Thursday, March 12, 2009

looking for data biasing in 2008 blue sky data

Last year, a report by consultant Steven Q. Andrews highlighted apparent data biasing in Beijing's API data, particularly in the years 2006-2007. My take on his report (from last October) is here.

One of Mr. Andrews' core findings is that there were statistical anomalies in the frequency of Beijing's reported pollutant concentrations around the "Blue Sky Day" cut-off point. Specifically, there were too many reported values just below the cut-off, and too few just above, suggesting data manipulation to meet targets for number of Blue Sky Days. For reference, here is the excellent Figure 2 from Mr. Andrews' report:

Mr. Andrews' graph shows frequency of reported values vs. PM10 concentration, for which the Blue Sky Day cut-off value is 150 ug/m3.

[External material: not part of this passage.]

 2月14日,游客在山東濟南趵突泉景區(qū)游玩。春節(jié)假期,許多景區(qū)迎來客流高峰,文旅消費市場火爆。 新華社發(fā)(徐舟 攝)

With 2008 behind us, I decided to take a look back to see if a similar phenomenon existed last year. After querying Beijing's API data from MEP's datacenter, I parsed the data for each year into frequency by units of 5. In other words, I counted the number of days with API from 0 to 5, 6 to 10, 11 to 15, etc., all the way to 500. Rather than use PM10 concentration, I looked directly at API, for which the Blue Sky Day cut-off is 100. The results for 2006, 2007, and 2008 are graphed here:

Notes and Conclusions:

1) As expected, the 2006-2007 data biasing identified by Mr. Andrews is clearly visible here. In 2006, there were 50 days with API from 96-100, but only 2 days with API from 101-105. In 2007, there were 56 days with API from 96-100, and only 5 days with API from 101-105.

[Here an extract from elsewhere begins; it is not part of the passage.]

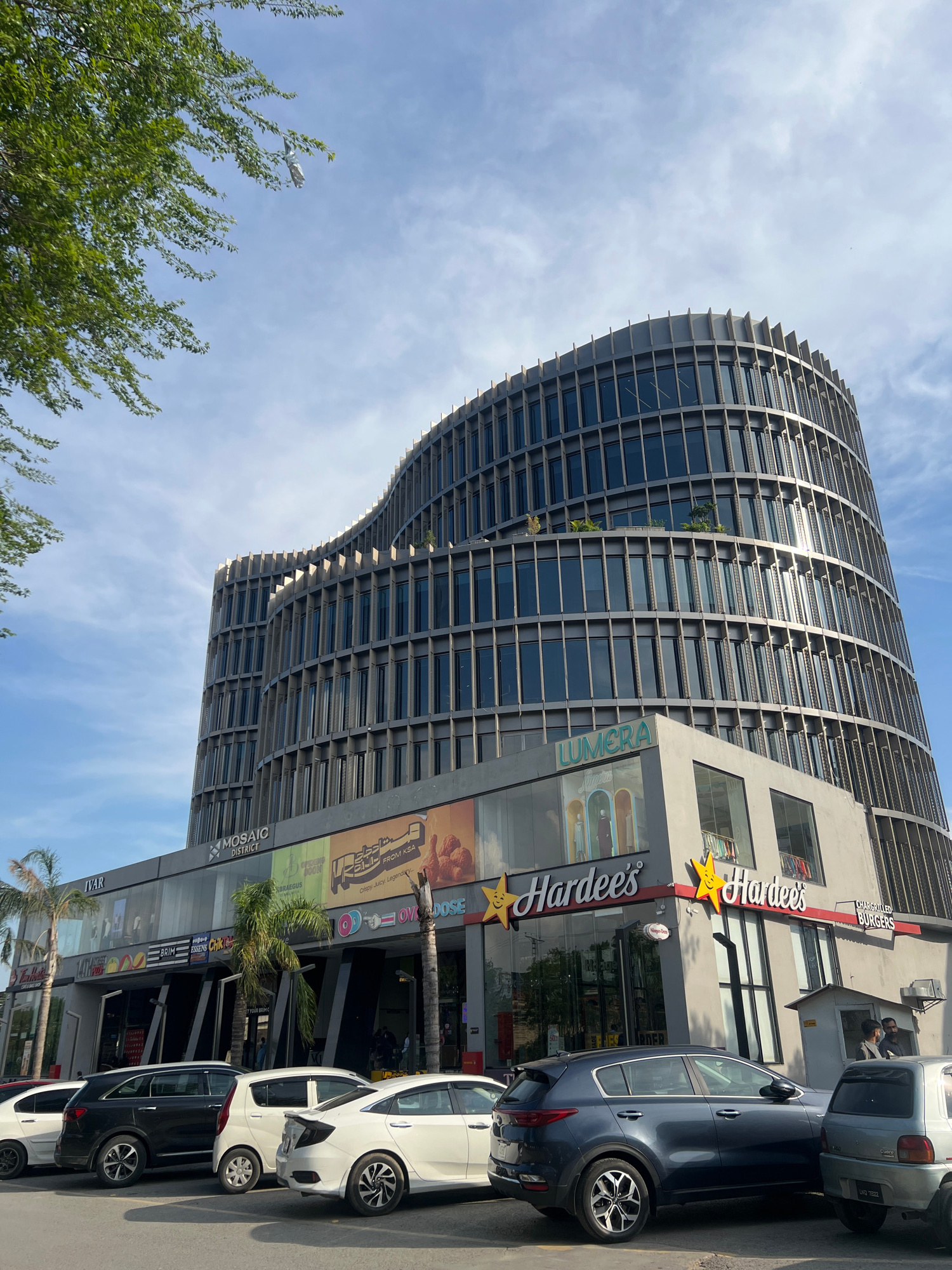 The image shows a curved, multi-story building on a sunny day. The building has a modern design with numerous windows and a metal frame. Several businesses are located at the base of the building, inc…read more

2) As for 2008, to be honest, I'm not sure how to interpret the data. Although there is clearly no dramatic spike in frequency of reported API values just below 100 (a good sign), there are only 3 days with API from 101-105. I do not know enough about statistics to know whether or not this is significant. (For reference, there were 16 days in the range 96-100, 9 days in the range 106-110, and 12 days 111-115). Anyone have any insights?

ebalkan said...


Afraid I'm ill-prepared to comment without having the data in front of me to look at the distribution and run some statistical tests. If you want to send me the data xls I can try to run it, using Stata.

Can you tell me what does API measure?


needigest said...

Nevermind (re: API). Wiki informed me of this measurement unit with Chinese characteristics (

Anonymous said...

I'd guess they are taking the days from just above 100 and spreading them more evenly below 100. A natural strategy given the uncovering of the previous strategy by Mr. Andrews.